Using the optimistic estimate of green hydrogen production cost of $2.74/kg from Table 2 (excluding all battery storage costs that would enable an electrolysis plant to operate on a regular schedule), the difference in costs between natural gas and green hydrogen is $2.64/kg. Hence, if 1 kg of green hydrogen avoids 7.86 kg of CO2 from natural gas, the avoided CO2 cost is about $340 per metric ton. If minimal battery storage costs are included, raising the cost of green hydrogen to the $3.62/kg value shown in Table 2, the cost difference between natural gas and green hydrogen increases to $3.51/kg and the resulting avoided CO2 cost increases to $447 per metric ton, more than double the $191 SCC price proposed by the Biden administration and 800% higher than the current $51 per metric ton price.
Since 2000, the highest average annual Henry Hub price for natural gas was $8.86/MMBtus (in 2008). Even at that historically high price, which is equivalent to about $0.35/kg, the difference in costs between natural gas and hydrogen would be at least $2.39/kg, and the avoided CO2 cost would be about $305/metric ton. To reach the current SCC value of $51/metric ton, the average price of natural gas would have to increase to $2.36/kg or $59/MMBtu.
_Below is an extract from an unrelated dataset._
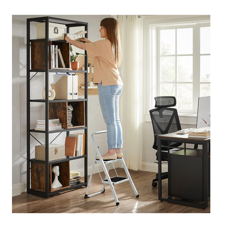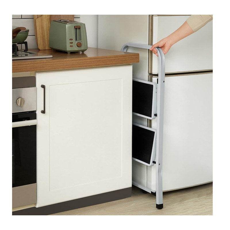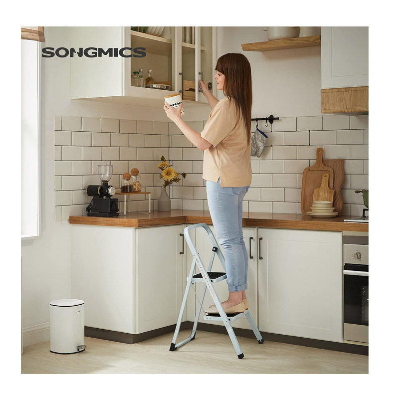 Η σκάλα, από την εταιρία Songmics, έχει πτυσσόμενο σχεδιασμό και είναι κατασκευασμένη από ατσάλι, με μέγιστο βάρος τα 150 Kg. Τα 4 πόδια έχουν φορά προς τα έξω για να υποστηρίζουν σταθερά τη σκάλα κατά τη χρήση. Το μάνδαλο ασφαλείας κλειδώνει αυτόματα όταν ανοίξει η σκάλα και εμποδίζει την κατά λάθος αναδίπλωση της. Τα 2 σκαλοπάτια με αυλακώσεις και τα πόδια με προστατευτικά άκρα, αποτρέπουν την ολίσθηση και προστατεύουν επίσης τα δάπεδα από γρατζουνιές.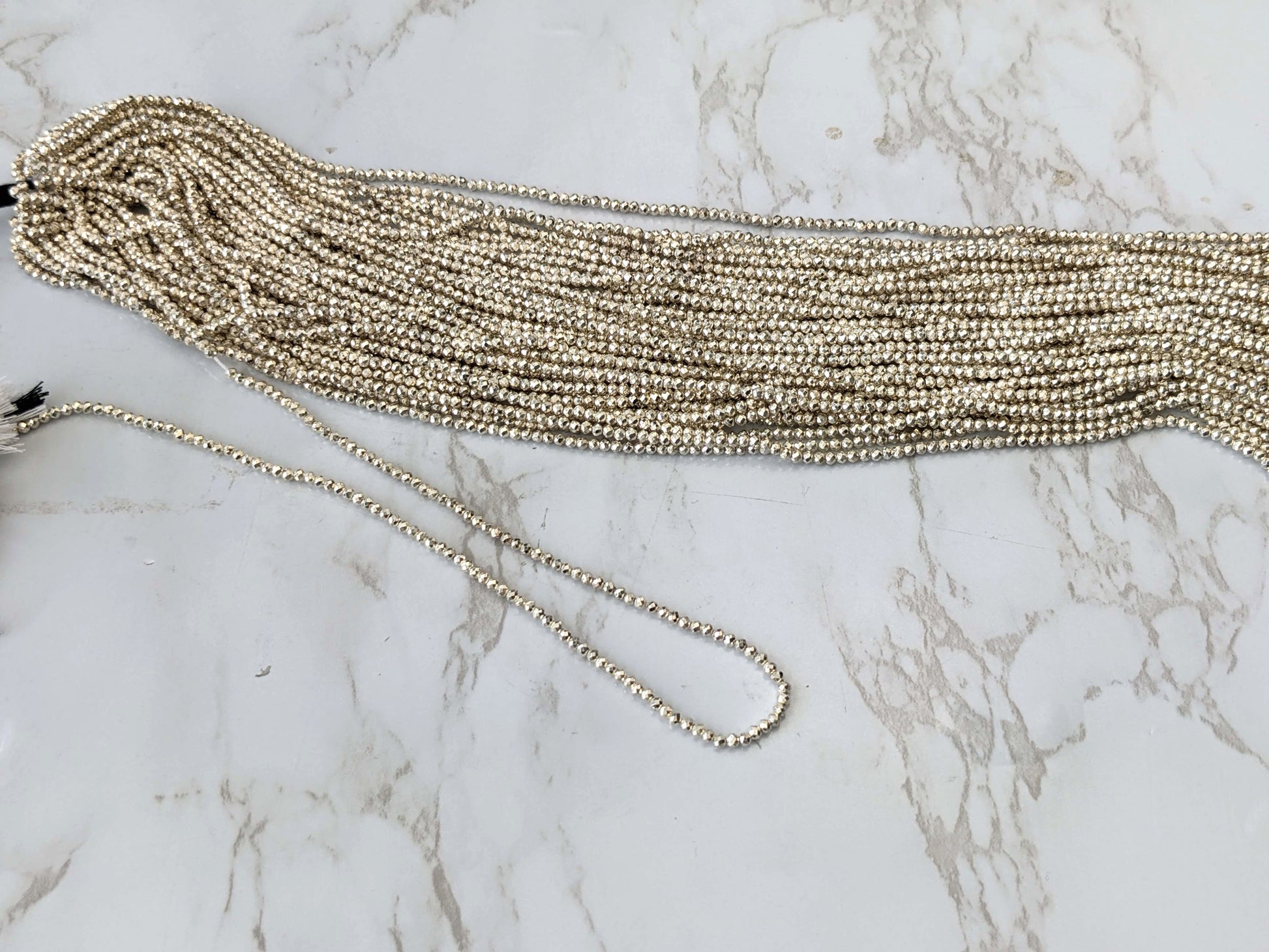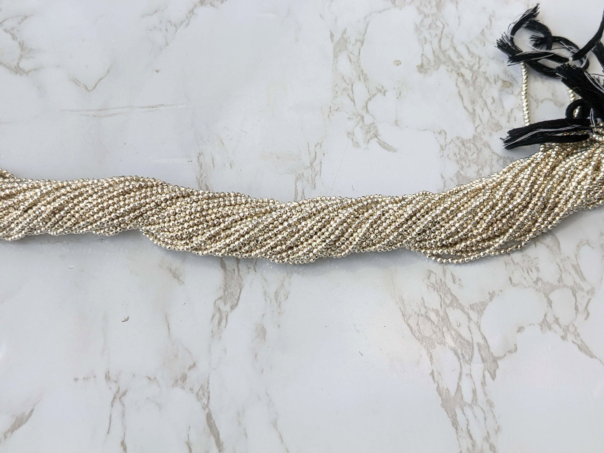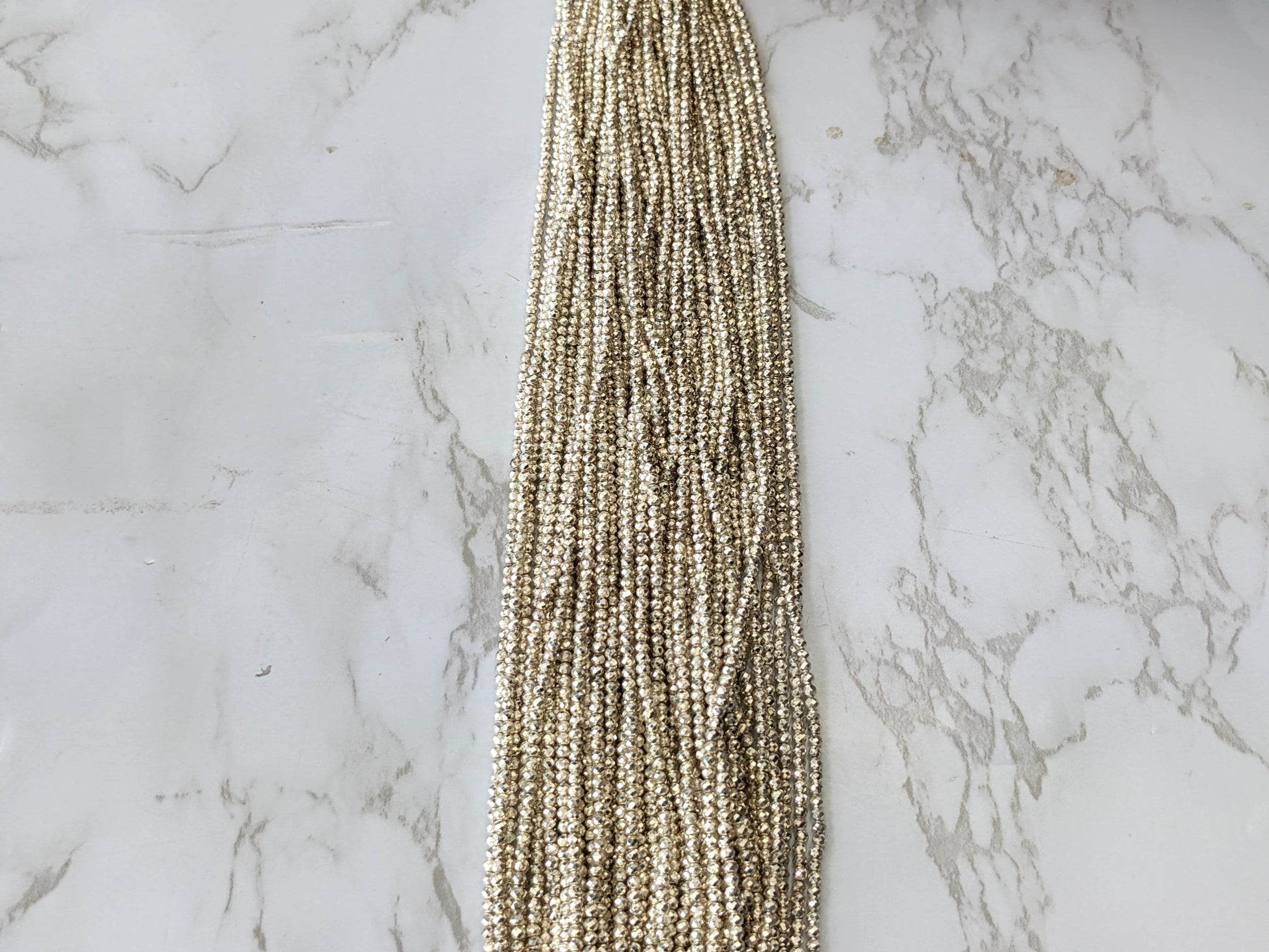 Silver Plated Pyrite 2mm Faceted Rounds Bead Strand

As this Issue Brief has shown, the stated goal of producing green hydrogen at a cost of just $1/kg is unrealistic, even assuming large gains in the efficiency and reductions in costs of electrolyzers. The claim that surplus wind and solar energy will be available to produce this hydrogen ignores basic economic principles. Not only would huge quantities of new wind and solar capacity have to be built, but the increased demand for electricity—caused by the amount of hydrogen production envisioned by the Biden administration’s Clean Hydrogen Project—would raise wholesale electricity prices. Including the costs of transmitting electricity to electrolysis facilities, as well as the costs of compressing and storing the hydrogen that is produced, raises the costs still further. Unless electrolysis facilities were operated only when surplus wind and solar power was available, and sat idle otherwise, large quantities of battery storage will be needed to enable those facilities to operate, if not around the clock, at least on a regular schedule.
More fundamentally, hydrogen, green or otherwise, is not a useful dispatchable energy resource because it requires more energy to produce than it can provide. That is an immutable thermodynamic fact. Barring the discovery of large quantities of elemental hydrogen on earth that can be extracted at low cost, it simply makes no sense to develop such net-energy sinks, whether or not they are “emissions-free.”
The contribution of hydrogen to the reduction of CO2 emissions will be negligible and have no measurable impact on world climate. Moreover, the cost per ton of reduced CO2 far exceeds estimates of the social cost of carbon, meaning that the cost of carbon reductions exceeds the value of those reductions. Hence, pursuing green hydrogen production, regardless of its EROI, to reduce CO2 emissions makes no economic sense.
Given these facts, the ineluctable conclusion is that all hydrogen-related subsidies are best abandoned. Instead, the focus should be on streamlining the process for licensing new nuclear plants—especially, small, modular ones—and investing in research and development efforts to reduce the cost of those nuclear plants. These plants will be scalable, will not require costly backup and storage, and can be sited near load centers, thus avoiding costly transmission system upgrades. Finally, in addition to producing emissions-free electricity, nuclear plants have the highest EROI values of any existing energy resource, a critical factor if the world’s increasing demand for energy is to be met cost-effectively.